Healthy Organizational Leadership

Feb 12, 2013 by



This is a guest post by Phil Stevenson (Twitter is @philstevenson). Phil is President
of The SISU Group, an organization devoted to the equipping of leaders and
organizations, He lives, speaks, and writes on leadership;
follow his leadership blog. He has written four books including Five Things Anyone
can do to Lead Effectively. Phil recently wrote a leadership lesson blog from our
latest book…Faith Legacy: 6 Values To Shape Your Marriage. We share it with you

Jim and Jerolyn Bogear[1] are wonderful friends. They have written two excellent books on relationships: Faith Legacy: Six Values to Shape Your Child’s Journey[2] and Faith Legacy for Couples.[3]

In the introduction to the second book they make the following observation, “Every healthy marriage begins with two healthy people, rich in value-based living, ready to give themselves to the other for the rest of their lives.”[4] Obviously, the Bogears are not writing specifically to leaders. But what they say has much for leaders.

This insightful comment has embedded within it three keys into healthy organizational leadership. 1. Like marriage, healthy organizations are lead by healthy leaders. 2. Healthy leaders are value-based. 3. Healthy leaders have a high degree of commitment to the organization they lead.

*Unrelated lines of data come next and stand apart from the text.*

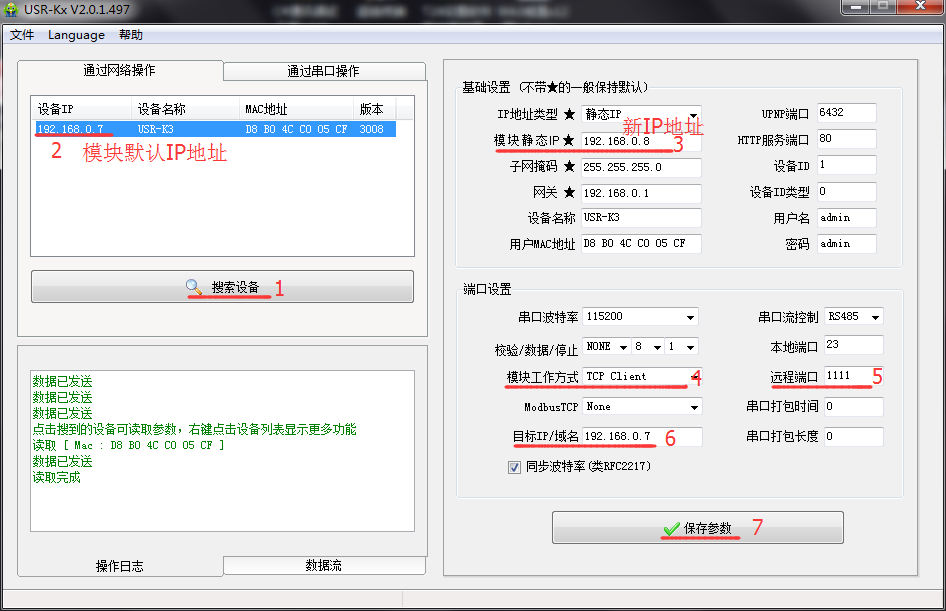 (2)模塊默認(rèn)IP地址為192.168.0.7。電腦固定IP設(shè)置為192.168.0.201。
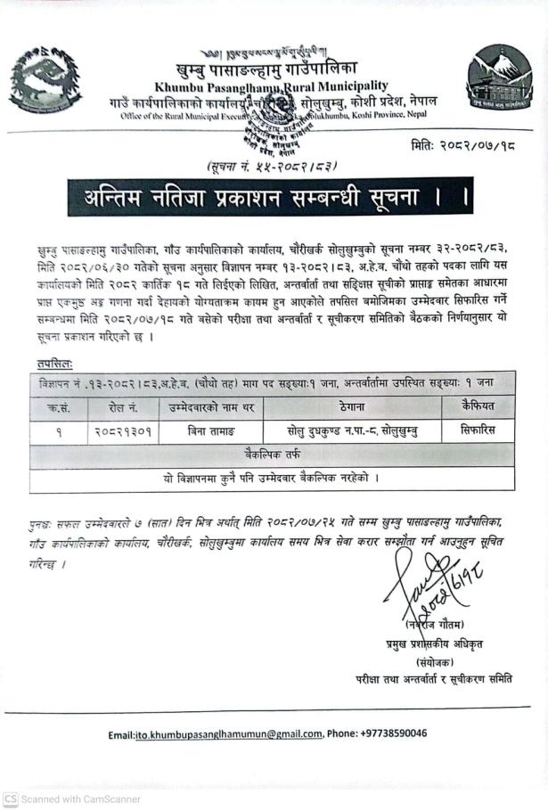 / विज्ञापन नं. १३-२०८२/८३, अ.हे.ब.(चौंथो तह) को अन्तिम नतिजा प्रकाशन सम्बन्धी सूचना । | खुम्बु पासाङल्हामु गाउँपालिका(Khumbu Pasang Lhamu Rural Municipality)
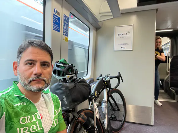 Since I couldn’t ride my bike, Myles (the hero volunteer) drove us to Grimsby in his van. From there, the real adventure began. Picture this: Giovanni and I, standing shoulder-to-shoulder on packed trains from Grimsby to London King’s Cross, bikes awkwardly wedged into whatever space we could find. Transporting bikes on UK trains? Just as “fun” as in Ireland—by which I mean, a logistical nightmare. The train to London was a bit better and had a cage, for only 4 bikes though…
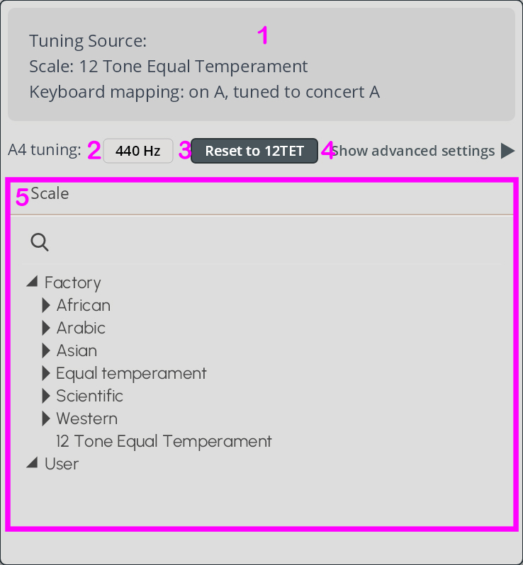 Stimmquelle: Links oben im Tuning-Fenster werden die aktuell gewählte Skala und das zugehörige Keyboard Mapping angezeigt (siehe unten). Ist der Player mit einer externen Stimmquelle verbunden (siehe unten), wird diese Quelle hier angezeigt.
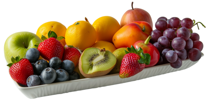 Juicy fruits and berries on white plate on transparent bacground, PNG.
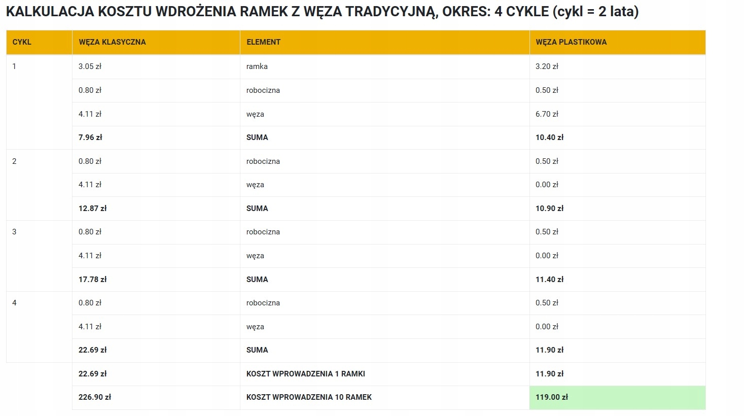 Найкращі результати досягаються, коли гнізда розміщуються в період сильного медоносу та в сім’ях у хорошому стані – тоді реконструкція є надзвичайно ефективною. У плані управління ви можете припустити 2 цикли (приблизно 4 роки із заміною 50% рам на рік), але шланг можна використовувати довше; Популярною альтернативою є трирічний цикл із заміною приблизно 30% рам на рік. Ефективність і якість рішення були підтверджені в проекті P. Blajer «Здорова та інноваційна пасіка» - оптимізація управління пасікою за рахунок використання шлангових листів в ін'єкційних технологіях для поліпшення самопочуття бджіл і якості бджолиної продукції.
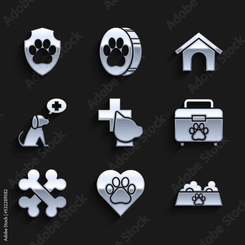 Set Veterinary clinic symbol, Heart with animals footprint, Pet food bowl for cat or dog, first aid kit, Crossed bones, Dog house and Animal health insurance icon. Vector
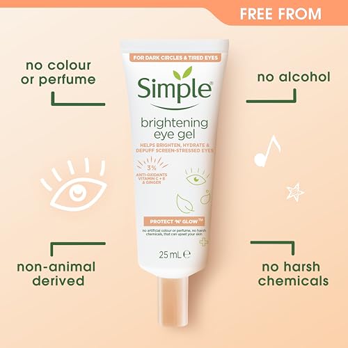 Specification: Simple Protect ‘n’ Glow Brightening Eye Gel Reduces Dark Circles and Relieves Screen-Stressed, Tired Eyes for Sensitive Skin 25 ml

Let’s drill down a bit deeper are each

Healthy organizations are led by healthy leaders. Good, bad, or indifferent an organization eventually reflects the leader. The leader who is healthy physically, emotionally, relationally and spiritually will have higher organizational health. A well rounded leader will have a well rounded organization. An over-indulgent, selfish, lopsided leader will soon see that reflected in the company they lead. Josh Dix, an organizational consultant and leadership coach, wrote, “I want all of us to recognize our patterns of behavior and the effects they have on those we lead or influence.”[5] How are you monitoring your leadership health?

Healthy leaders are value-based. All leaders lead by a set of values, unintentionally or intentionally. Understanding the importance of values, the Bogears rightly state, “Marriage is worth the effort [to] establish the core values that will guide your life together.”[6] Don Soderquist, retired Vice Chairman of the board for Wal-Mart Stores, Inc., observed, “Values determine how we act.”[7] Reviewing how we act will reveal our deeply held values. Honestly assessing your actions, what values do you lead by?

Healthy leaders have a high degree of commitment to the organization they lead. Healthy leaders are not mere casual observers, they are committed participants. Mark Leheney, senior consultant for Management Concepts, highlights Five Commitments of Leadership.[8] The five are commitment to: personal growth, people connection, performance of the organization, purity in truth telling, priority leading. Every leader must show the commitment they have through the actions they take. How committed are you to the organization you lead?

Leadership is necessary in the varied spectrums of life. Whether it is relationships, marriages, organizations, churches or communities each demand healthy leadership. What can you do to increase your leadership health?


[2] Jim & Jerolyn Bogear, Faith Legacy: Six Values to Shape Your Child’s Journey (Indianapolis, IN: Wesleyan Publishing House, 2009).

[3] Bogear, Faith Legacy for Couples (Indianapolis, IN: Wesleyan Publishing House, 2012).

[4] Ibid., 11.

[5], accessed December 24, 2012.

[6] Bogear, Faith Legacy for Couples (Indianapolis, IN: Wesleyan Publishing House, 2012), 74.

[7] Don Soderquist, Live, Learn, Lead to Make a Difference (Nashville, TN: J. Countryman, 2006), 51.